In the years following the war, it was discovered that radar can be useful in a variety of applications, such as measurement of automobile speed (by the police), weather forecasting (rain and snow reflect radar signals), and even the mapping of the moon and the planet Venus. Radar is extensively used in aviation, both commercial and military. In recent years, radar has also found uses in robot guidance systems.

A complete radar set consists of a transmitter, a directional antenna with a narrow main lobe and high gain, a receiver, and an indicator or display. The transmitter produces intense pulses of radio microwaves at short intervals. The pulses are propagated outward in a narrow beam from the antenna, and they strike objects at various distances. The reflected signals, or echoes, are picked up by the antenna shortly after the pulse is transmitted. The farther away the reflecting object, or target, the longer the time before the echo is received. The transmitting antenna is rotated so that all azimuth bearings (compass directions) can be observed.

A typical circular radar display consists of a CRT or LCD. Above figure shows the basic display configuration. The observing station is at the center of the display. Azimuth bearings are indicated in degrees clockwise from true north, and are marked around the perimeter of the screen. The distance, or range, is indicated by the radial displacement of the echo; the farther away the target, the farther from the display center the echo or blip. The radar display is, therefore, a set of polar coordinates. In the drawing, a target is shown at an azimuth of about 125° (east-southeast).

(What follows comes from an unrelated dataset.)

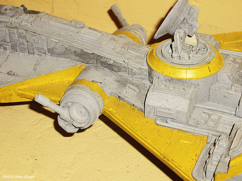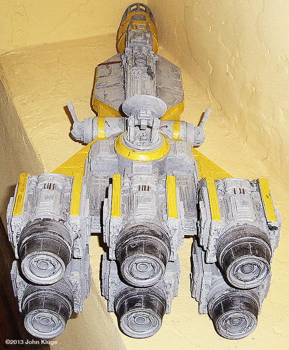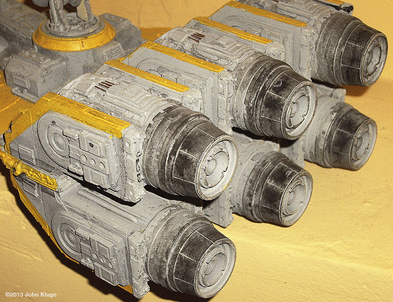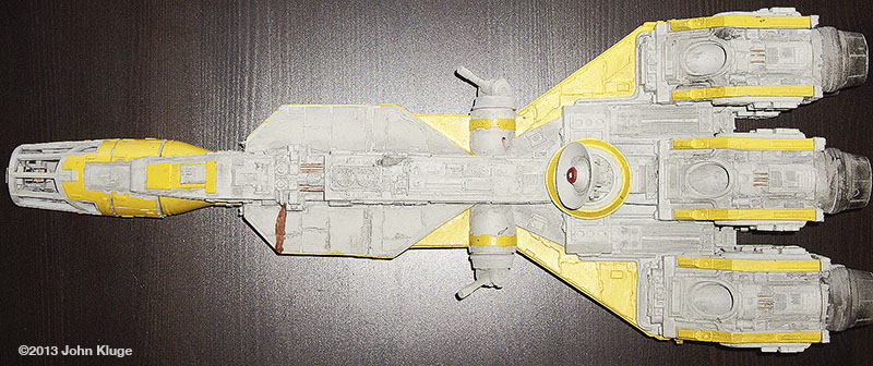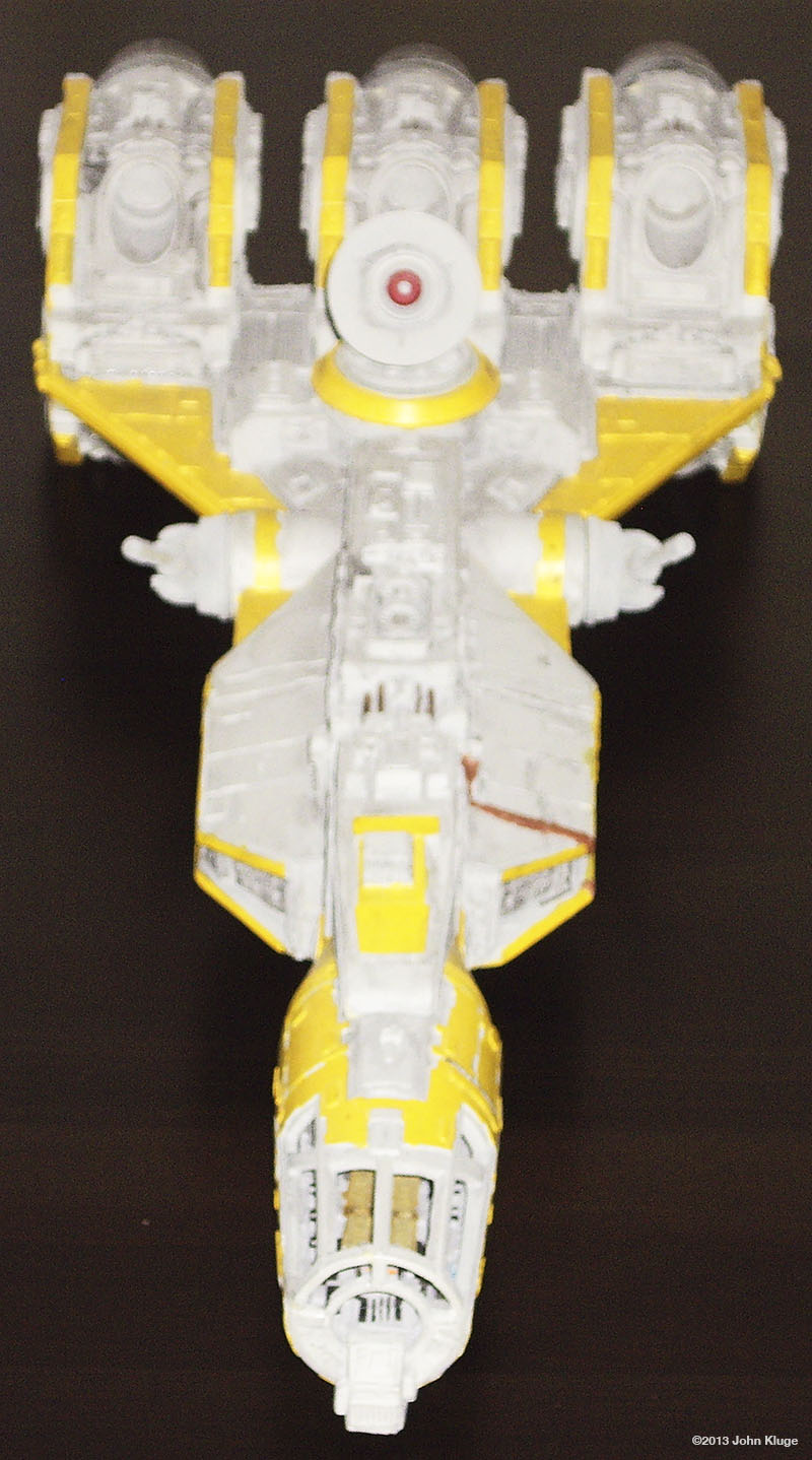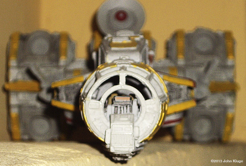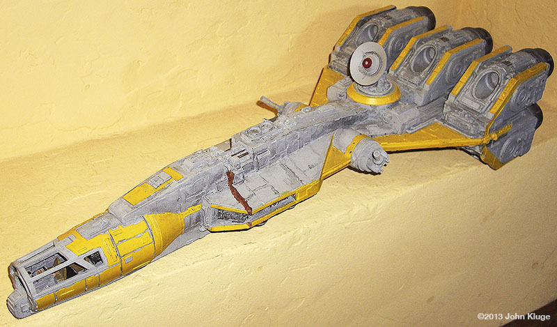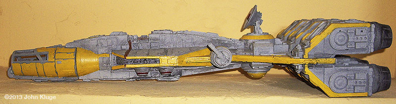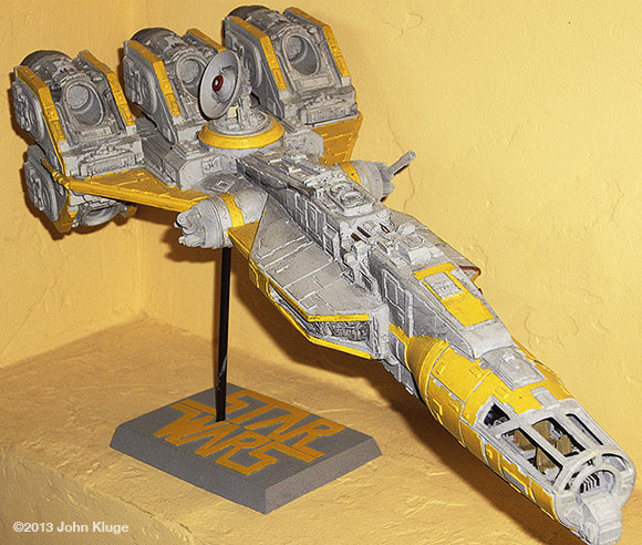Here are pics of my completed Corellian model from Randy Cooper. I purchased this model a few years ago from Randy Cooper Models. This ship is the first design concept for the Millennium Falcon. From the stories that I have heard, this ship did not look "Han Solo" enough so they scrapped the design and went with the disk model that we all know and love. Just because they scrapped it for Han however does not mean that they got rid of it. Take the cockpit off and place it across the bow like a hammerhead shark and you get the beginnings of the blockade runner. This is my first solid resin model and there was a lot more hacking then there was sanding. The one drawback is that there was no cockpit window(s) I tried just about everything I could under the sun but could not get perfection so I went without the windows and hope that the driver can hold his breath a long time. The turrets and the communications dish are held in with magnets. The Hull is a light gray and then I went with two coats of Insignia Yellow. I like yellow ships and do not see enough of them these days except Anakin's fighter in Episode 3. The finished product looks nice but it is heavy. It suffered a fall from a high shelf and shattered off the engines as well as the cockpit but thank goodness for crazy glue. Just something to think about when you mount it. Image: Antenna Image: Cockpit Image: Cockpit Image: Cockpit Image: Engines Image: Engines Image: Front Image: Turret Image: Detail Image: Rear Image: Front High Image: Front Left Image: Right Front Image: Left Image: Top |

Its range is near the maximum for the display.

The maximum range of a radar system depends on the height of the antenna above the ground, the nature of the terrain in the area, the transmitter output power and antenna gain, the receiver sensitivity, and the weather conditions in the vicinity. Airborne long-range radar can detect echoes from several hundred kilometers (km) away under ideal conditions. A low-power radar system, with the antenna at a low height above the ground, might receive echoes from only 50 to 70 km.

The fact that precipitation reflects radar echoes is a nuisance to aviation personnel, but it is invaluable for weather forecasting and observation. Radar has made it possible to detect and track severe thunderstorms and hurricanes. A mesocyclone, which is a severe thunderstorm likely to produce tornadoes, causes a hook-shaped echo on radar. The eye of a hurricane, and the eyewall and rainbands surrounding it, all show up clearly on a radar display.

Some radar sets can detect changes in the frequency of the returned pulse, thereby allowing measurement of wind speeds in hurricanes and tornadoes. This is called Doppler radar. This type of radar is also employed to measure the speeds of approaching or receding targets.